If you make a list of stuffs that a smart phone replaces, that would be a pretty big one. From mailboxes to alarm timepieces, cameras, wall calendars and clocks, watches, pen, notebooks… and I can’t end this list! And now, Google is about to introduce a latest technology by which your smartphone can act as a seismograph. A seismograph predicts earthquakes.
What are sensors?
The world of sensors by the advent of Micro electronic mechanical systems (MEMS) has made smartphones amazing in our life. Various sensors do a variety of tasks. They sense where the device is located, which way it’s moving, and how fast.
Some of them can recognize your fingerprints, your face and the words you’re speaking. This allows them to entertain us, keep us healthy, help us find our way home and much else besides. But a growing branch of science is devoted to pooling information generated by the world’s 3.5 billion smartphones for the common good.
How this new technology works?
Now, Google announced that their latest sensor can sense early tremors in the earth’s surface. Install a front-end Android app in your smart phone, and this back-end sensor will predict earthquake in your area!
google makes use of accelerometer for this new technology. This sensor is actually useful to detect phone’s movement.
“We figured out Android phones are sensitive enough to detect earthquake waves,” said Google’s Marc Stogaitis in an interview. “They usually see both key types of waves, the P wave [primary] and the S wave [secondary]. Each phone is able to detect that something like an earthquake is happening, but you need an aggregate of phones to know that for sure.”
Google understood that while seismographs are expensive, phones are relatively cheap and very common. When data combined from those phones is analysed, anomalies can be filtered out and the location and strength of quakes can be pinpointed. The company still stresses, however, that it’s still just an experiment for the time being.
“The basic concept has been proven to work,” says Kanjo. “But they can’t risk it and say yes, we know the answer.
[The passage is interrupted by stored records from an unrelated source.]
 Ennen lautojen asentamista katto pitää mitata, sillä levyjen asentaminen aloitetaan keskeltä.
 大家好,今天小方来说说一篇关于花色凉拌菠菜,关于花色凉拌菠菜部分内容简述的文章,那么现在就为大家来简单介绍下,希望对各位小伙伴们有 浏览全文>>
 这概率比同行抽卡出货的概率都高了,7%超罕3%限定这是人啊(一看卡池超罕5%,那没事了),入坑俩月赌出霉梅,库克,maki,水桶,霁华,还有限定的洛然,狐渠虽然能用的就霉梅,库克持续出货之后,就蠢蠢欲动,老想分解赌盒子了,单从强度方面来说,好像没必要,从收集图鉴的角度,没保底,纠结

The main issue is always scalability.”
This problem has recently been seen in attempts to use apps to contain the spread of Covid-19. In small-scale experiments, track-and-trace can be shown to work. But in the real world, there’s a fear of it either failing to detect cases, or generating false positive results which can have a huge impact on society.
Fortunately, the stakes aren’t so high in the majority of mobile sensing applications. Millions of us see it at work every day as navigation apps alert us to the movement of road traffic.
Two roadblocks
Google says that only two things stand in the way of this new technology. One is the restrictions put in place by the likes of Google and Apple on the way sensors can be used. “We have suffered a lot as developers because of these restrictions,” says Kanjo. “It’s not always easy to develop ideas when companies are in control.”
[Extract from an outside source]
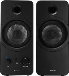 Delektuj się ulubioną muzyką, filmami i grami bez zbędnego plątaniny kabli. Głośniki TRACER Mark 2.0 łączą praktyczne Bluetooth z klasycznym wejściem 3,5 mm AUX, dzięki czemu łatwo sparujesz je z laptopem, smartfonem, tabletem i komputerem PC. 12 W RMS gwarantuje pełniejszy, dynamiczny dźwięk i przyjemnie mięsisty bas.
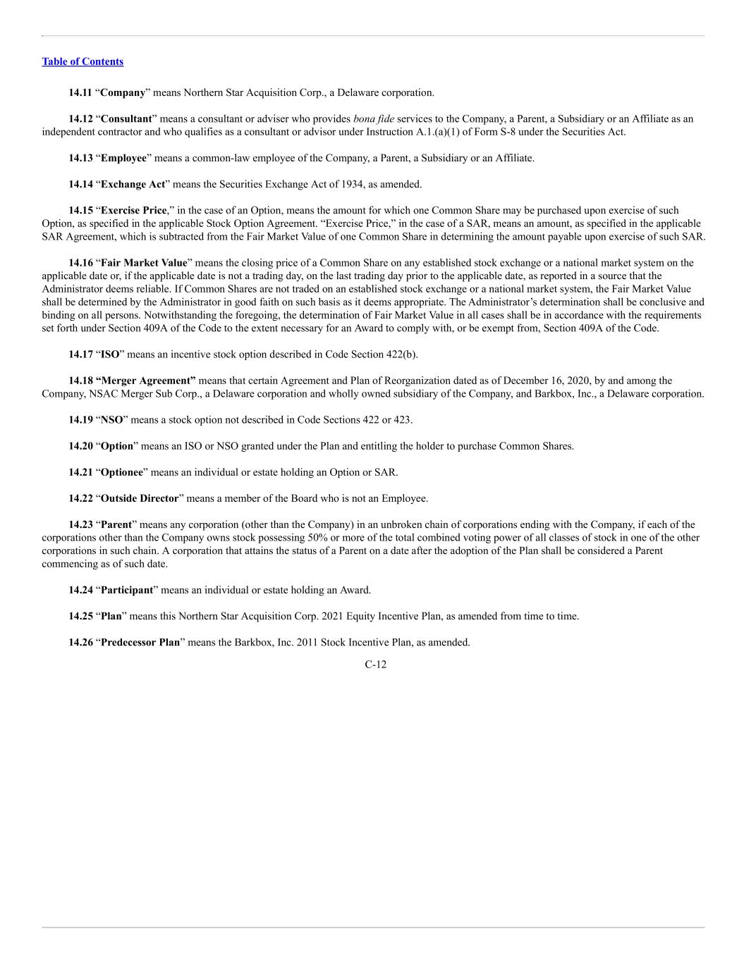 Table of Contents 14.11 “Company” means Northern Star Acquisition Corp., a Delaware corporation. 14.12 “Consultant” means a consultant or adviser who provides bona fide services to the Company, a Parent, a Subsidiary or an Affiliate as an independent contractor and who qualifies as a consultant or advisor under Instruction A.1.(a)(1) of Form S-8 under the Securities Act. 14.13 “Employee” means a common-law employee of the Company, a Parent, a Subsidiary or an Affiliate. 14.14 “Exchange Act” means the Securities Exchange Act of 1934, as amended. 14.15 “Exercise Price,” in the case of an Option, means the amount for which one Common Share may be purchased upon exercise of such Option, as specified in the applicable Stock Option Agreement. “Exercise Price,” in the case of a SAR, means an amount, as specified in the applicable SAR Agreement, which is subtracted from the Fair Market Value of one Common Share in determining the amount payable upon exercise of such SAR. 14.16 “Fair Market Value” means the closing price of a Common Share on any established stock exchange or a national market system on the applicable date or, if the applicable date is not a trading day, on the last trading day prior to the applicable date, as reported in a source that the Administrator deems reliable. If Common Shares are not traded on an established stock exchange or a national market system, the Fair Market Value shall be determined by the Administrator in good faith on such basis as it deems appropriate. The Administrator’s determination shall be conclusive and binding on all persons. Notwithstanding the foregoing, the determination of Fair Market Value in all cases shall be in accordance with the requirements set forth under Section 409A of the Code to the extent necessary for an Award to comply with, or be exempt from, Section 409A of the Code. 14.17 “ISO” means an incentive stock option described in Code Section 422(b). 14.18 “Merger Agreement” means that certain Agreement and Plan of Reorganization dated as of December 16, 2020, by and among the Company, NSAC Merger Sub Corp., a Delaware corporation and wholly owned subsidiary of the Company, and Barkbox, Inc., a Delaware corporation. 14.19 “NSO” means a stock option not described in Code Sections 422 or 423. 14.20 “Option” means an ISO or NSO granted under the Plan and entitling the holder to purchase Common Shares. 14.21 “Optionee” means an individual or estate holding an Option or SAR. 14.22 “Outside Director” means a member of the Board who is not an Employee. 14.23 “Parent” means any corporation (other than the Company) in an unbroken chain of corporations ending with the Company, if each of the corporations other than the Company owns stock possessing 50% or more of the total combined voting power of all classes of stock in one of the other corporations in such chain. A corporation that attains the status of a Parent on a date after the adoption of the Plan shall be considered a Parent commencing as of such date. 14.24 “Participant” means an individual or estate holding an Award. 14.25 “Plan” means this Northern Star Acquisition Corp. 2021 Equity Incentive Plan, as amended from time to time. 14.26 “Predecessor Plan” means the Barkbox, Inc. 2011 Stock Incentive Plan, as amended.   C-12

The second one is the attitude of the public to their phones being used in this way; passive data sharing has gained a somewhat toxic reputation in recent years. “The ethics are often exaggerated,” says Kanjo. “Right now, your phone company is being told that me and you are talking, and that’s far more intrusive than something like Covid contact tracing.”
Google’s earthquake app, according to Stogaitis, de-identifies the information: “We don’t need to know anything about the person that’s sending it.” The company hopes this technology – being not just individual centered, but rather a disaster warning aid – could get around all the hurdles in front of it.